We must provide the right nutrients, maintain appropriate levels of byproducts and ensure cell-to-cell interaction while maintaining a closed system and sterility assurance throughout each step. Some of our technologies have bioreactors attached to the system, others have a robotic arm from the incubator to points of interest.
What is the process to go from clinical-stage to commercial-stage manufacturing?
All autologous cell therapies follow a scale-out model. The problem statement is, “How do you reproduce the same thing consistently and reliably?”
Process validation and demonstrating clinical efficacy from the proposed launch process are critical for transitioning to commercial manufacturing. The scale out should be built into the base planning process. For example, Iovance made a strategic decision fairly early to invest in our own manufacturing facility and to launch with both our own facility and a CDMO for capacity flexibility to meet demand from our commercial launch as well as our ongoing clinical trials.
What are the bottlenecks or constraints to be aware of?
Manufacturers need an end-to-end perspective. In addition to having control with our own facilities, we must secure critical inputs and scale the entire ecosystem to meet demand.
We strategically manage our entire supply chain, including redundancies, to reliably source elements required for manufacturing such as proprietary reagents, formulations, specific media, sterile consumables and cold-chain supply chain to interface between the treatment sites and manufacturing centers.
Plan for success from the very beginning as you go into clinical development, because early decisions have a downstream impact. Think big, in terms of being able to support the expected demand for both near and longer terms.
"Process validation and demonstrating clinical efficacy from the proposed launch process are critical for transitioning to commercial manufacturing."
What is an example of thinking proactively for commercial-stage manufacturing?
Bioreactors in cell therapy manufacturing are more-or-less fixed by a certain point, because you only need a certain amount of cells to provide to the patient. By contrast, conventional biologics scale up from 500 to 2000 liter bioreactors.
We scale out by individual lots. For example, once we demonstrate the ability to manufacture one lot per day, we think about the future capacity to scale to five lots a day, and the plan to demonstrate we can scale from one point to another. Again, this is an end-to-end plan and not just the manufacturing process. The FDA is interested in maintenance of product quality as you scale out.
What is your advice on sourcing?
Diversity in the supply chain is necessary for risk mitigation, particularly for single-source materials or consumables. New vendors or changes in vendor locations create some level of change control to demonstrate that you’re still getting material that behaves the same within the process.

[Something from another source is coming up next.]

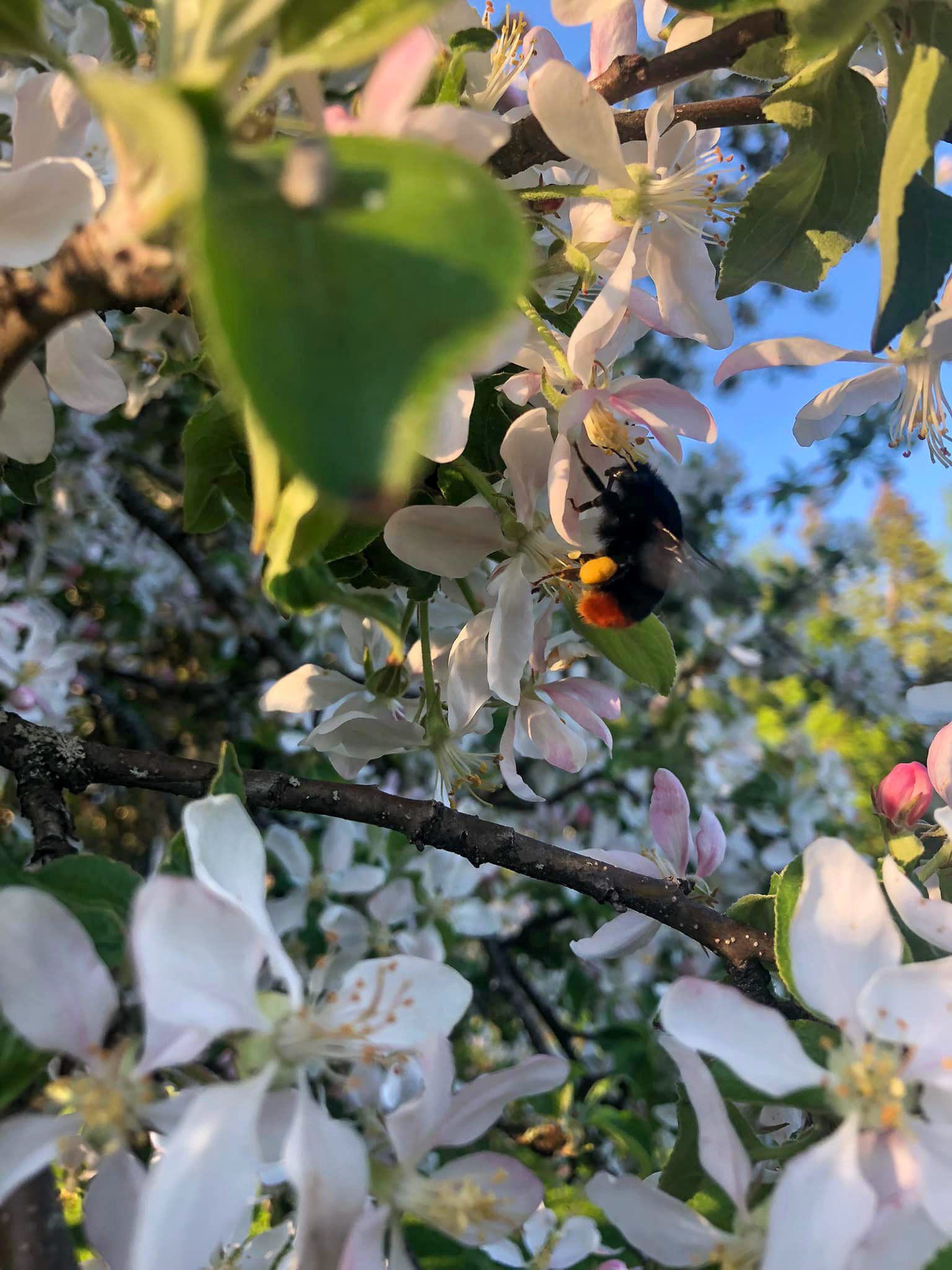 – Omppupuut kukkivat ja pörriäiset tekevät hommia niin, että jalat ovat täynnä siitepölyä, Ojala kertoo kuvastaan.

A risk assessment determines the technical and regulatory packages that help support that change. The risk is correspondingly higher and requires a much more rigorous evaluation of analytical comparability for media or consumables as they get closer to the drug product.

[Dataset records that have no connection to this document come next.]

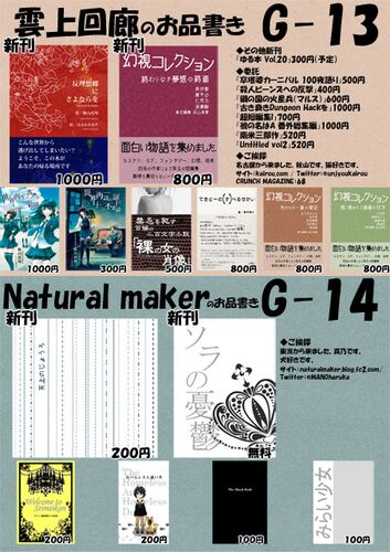 こんにちは、雲上回廊の秋山真琴です。 9月14日(日)堺市産業振興センターにて開催される文学系即売会文学フリマ大阪に出展します。ブース番号はG-13、サークル名は雲上回廊です。 開催まで残すところ2日ほど! 頒布内容がほぼほぼ確定したので、改めてお知…
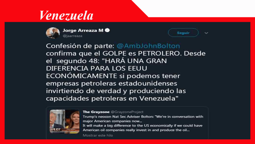 Caracas, 30 ene (PL) El consejero de Seguridad Nacional del Gobierno de Estados Unidos, John Bolton, confirmó que el golpe de Estado ejecutado en Venezuela es para apropiarse del petróleo, alertó hoy el canciller de la República, Jorge Arreaza.
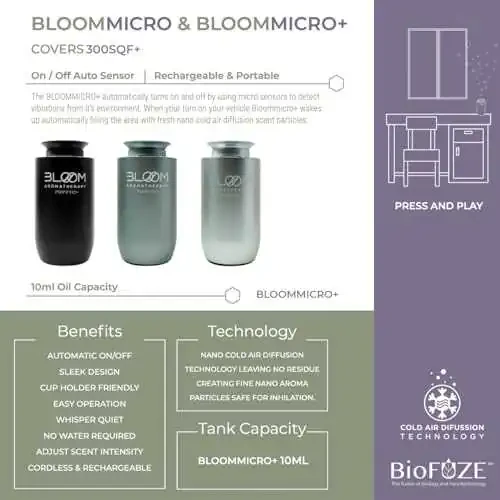 BloomMicro+ Onyx, sadece arabalar için değil, aynı zamanda ev, ofis veya seyahatlerinizde de kullanılabilir. Kompakt boyutu ve şık tasarımı sayesinde her yere kolayca taşınabilir.

In a post-approval environment, for example, the FDA wants to ensure changes are not adversely impacting the product’s safety or quality. The most rigorous requirement to demonstrate no impact, clinical comparability, is time-consuming and expensive.

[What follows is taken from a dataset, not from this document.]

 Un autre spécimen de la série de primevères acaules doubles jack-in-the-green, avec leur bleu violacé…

What is changing in the broader environment?
As the industry matures, the general assessment, even from a regulatory standpoint, will evolve and change.
Cell therapies are becoming a mainstay treatment in oncology, and we have evolved from CAR-T to include new classes of approved cell therapies. It is encouraging that academia, industry and regulators are working together to figure out how we can ensure we provide high-quality products to patients in a way that facilitates available capacity to meet the demand.